[Input data Boundary: Start]

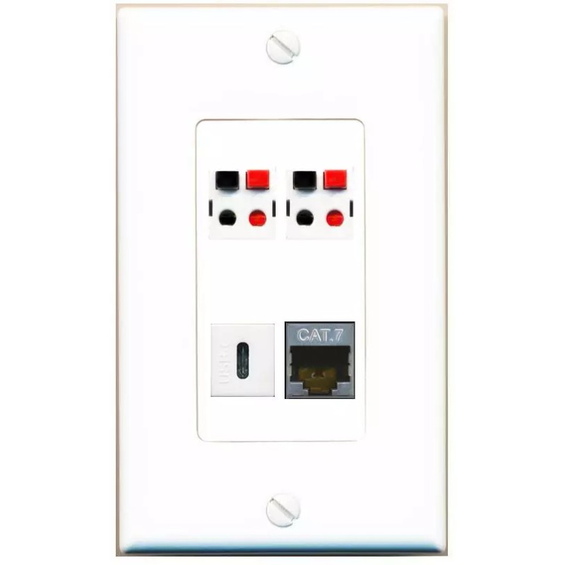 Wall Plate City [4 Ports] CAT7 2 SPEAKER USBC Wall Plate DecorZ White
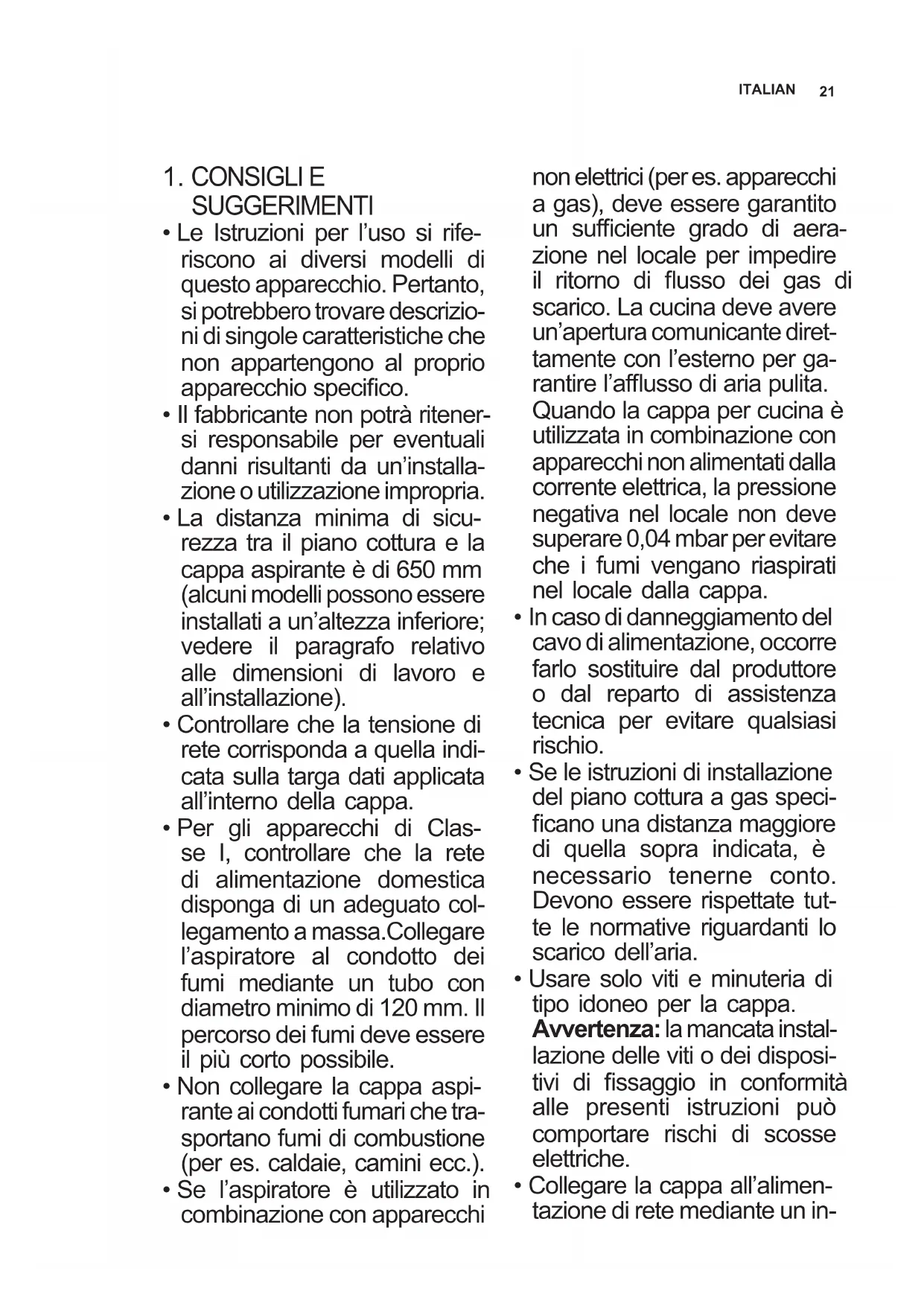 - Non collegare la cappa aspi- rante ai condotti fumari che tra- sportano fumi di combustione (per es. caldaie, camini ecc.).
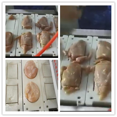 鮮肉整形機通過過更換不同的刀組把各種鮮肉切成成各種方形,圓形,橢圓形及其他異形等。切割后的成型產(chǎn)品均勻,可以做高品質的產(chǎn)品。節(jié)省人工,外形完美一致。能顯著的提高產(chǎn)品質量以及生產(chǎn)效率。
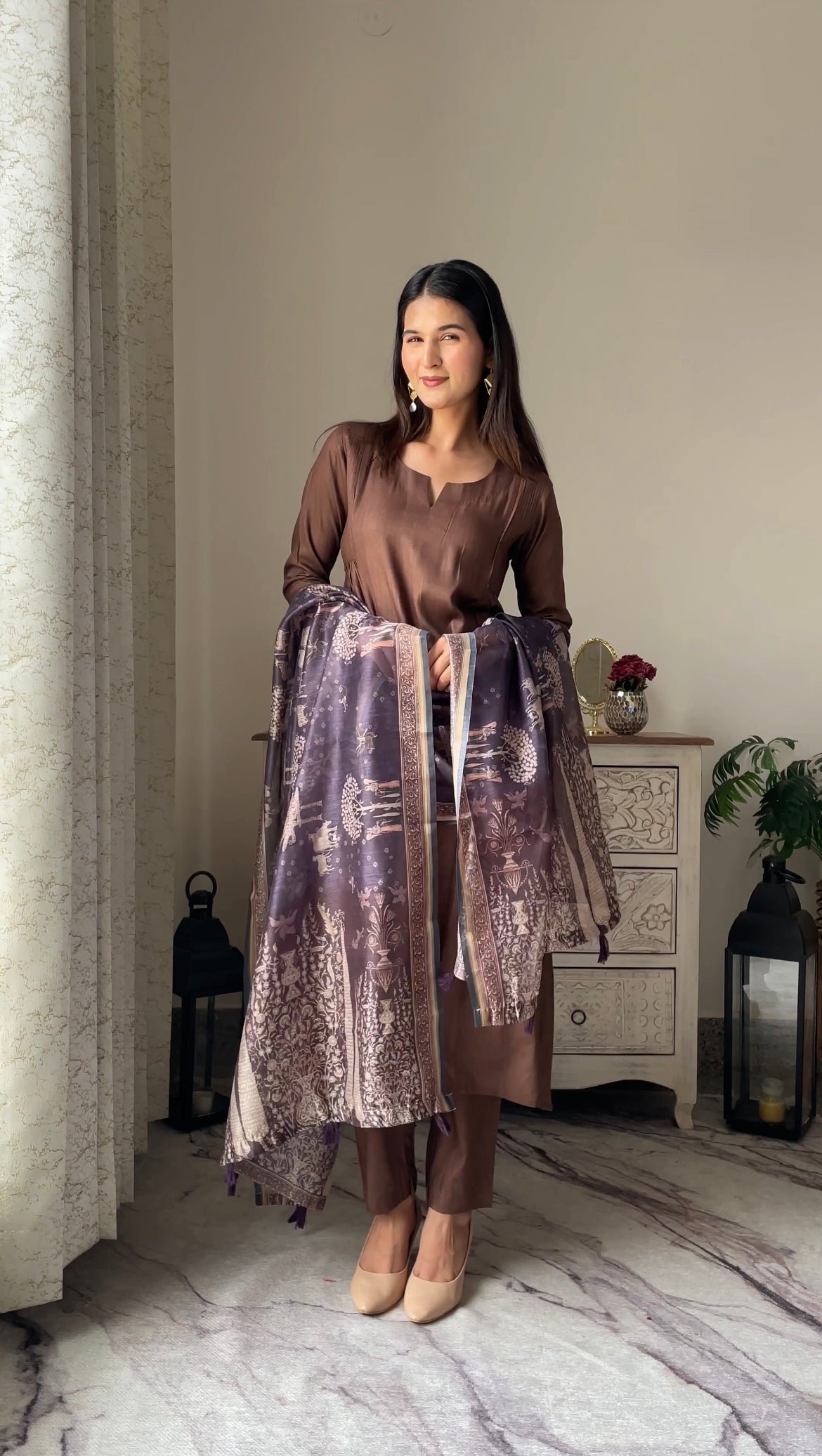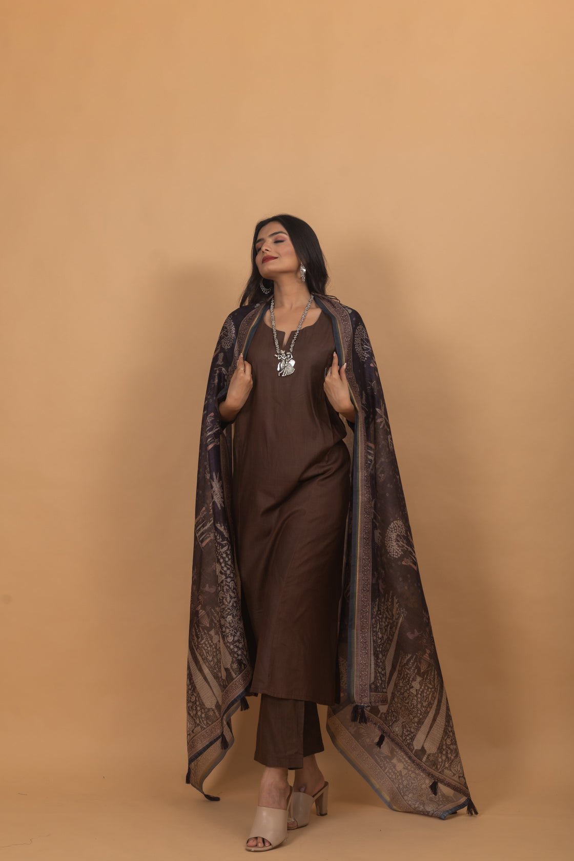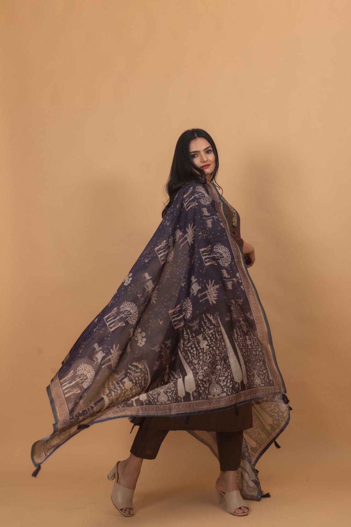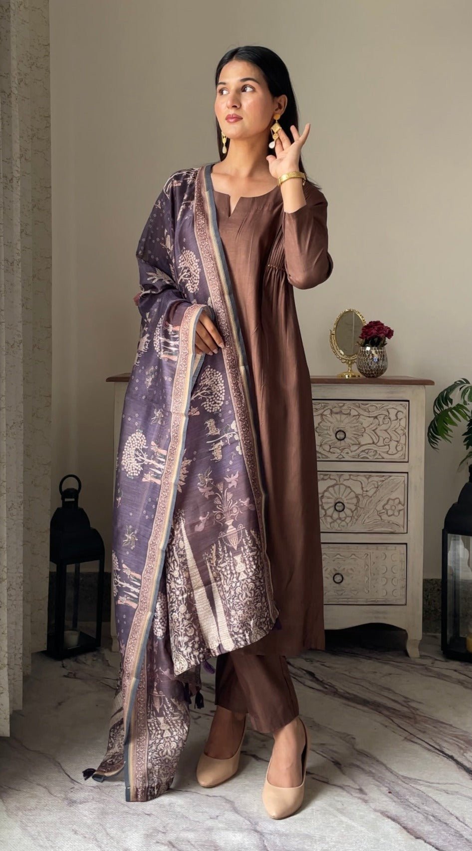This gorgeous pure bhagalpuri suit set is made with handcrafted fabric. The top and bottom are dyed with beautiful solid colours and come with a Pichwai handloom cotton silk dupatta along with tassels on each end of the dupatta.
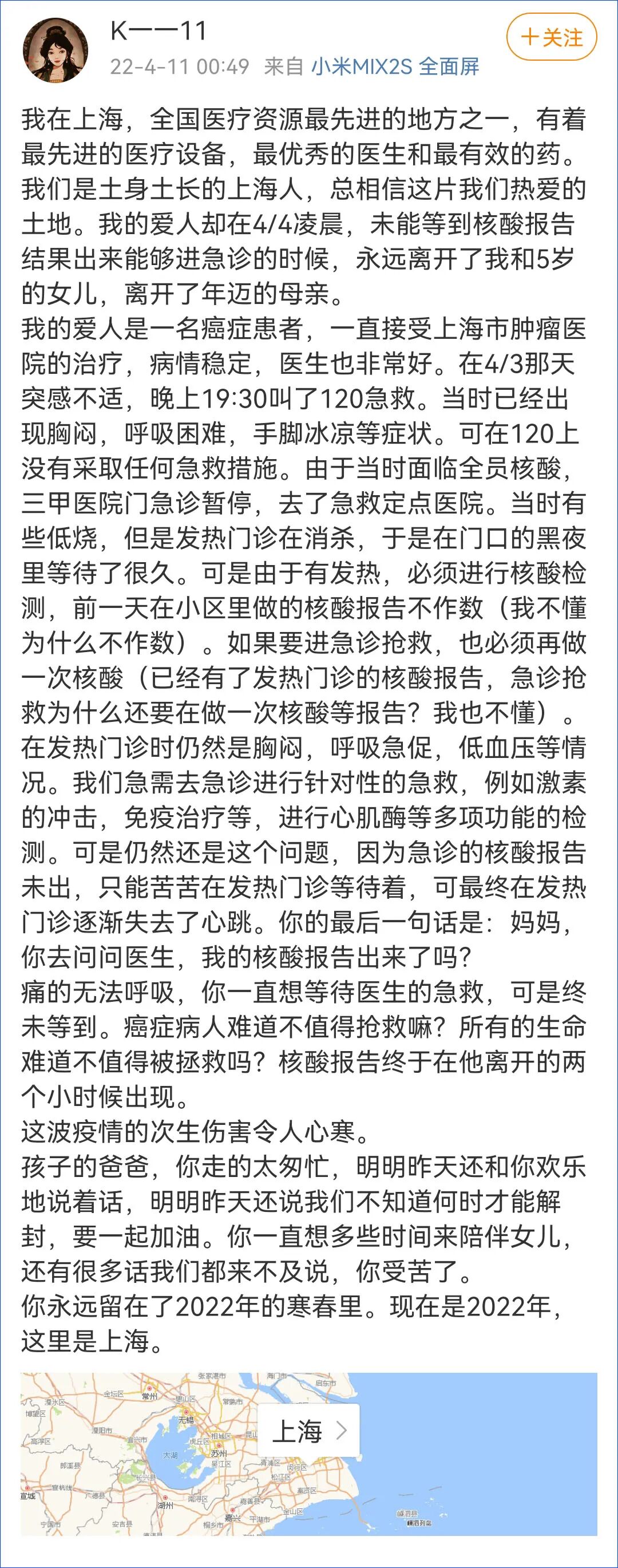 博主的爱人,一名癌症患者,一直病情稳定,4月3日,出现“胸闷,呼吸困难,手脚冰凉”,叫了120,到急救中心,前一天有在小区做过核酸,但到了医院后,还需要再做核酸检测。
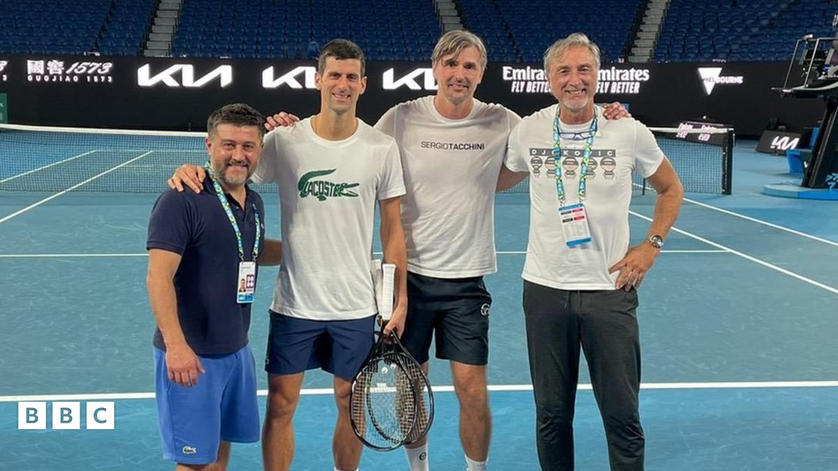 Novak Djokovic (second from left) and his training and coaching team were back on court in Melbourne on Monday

[Input data Boundary: End]

▶ [What this task involves]: With the images omitted, output all entries exactly as given.

▶ [Answer below]:
 Wall Plate City [4 Ports] CAT7 2 SPEAKER USBC Wall Plate DecorZ White
 - Non collegare la cappa aspi- rante ai condotti fumari che tra- sportano fumi di combustione (per es. caldaie, camini ecc.).
 鮮肉整形機通過過更換不同的刀組把各種鮮肉切成成各種方形,圓形,橢圓形及其他異形等。切割后的成型產(chǎn)品均勻,可以做高品質的產(chǎn)品。節(jié)省人工,外形完美一致。能顯著的提高產(chǎn)品質量以及生產(chǎn)效率。
This gorgeous pure bhagalpuri suit set is made with handcrafted fabric. The top and bottom are dyed with beautiful solid colours and come with a Pichwai handloom cotton silk dupatta along with tassels on each end of the dupatta.
 博主的爱人,一名癌症患者,一直病情稳定,4月3日,出现“胸闷,呼吸困难,手脚冰凉”,叫了120,到急救中心,前一天有在小区做过核酸,但到了医院后,还需要再做核酸检测。
 Novak Djokovic (second from left) and his training and coaching team were back on court in Melbourne on Monday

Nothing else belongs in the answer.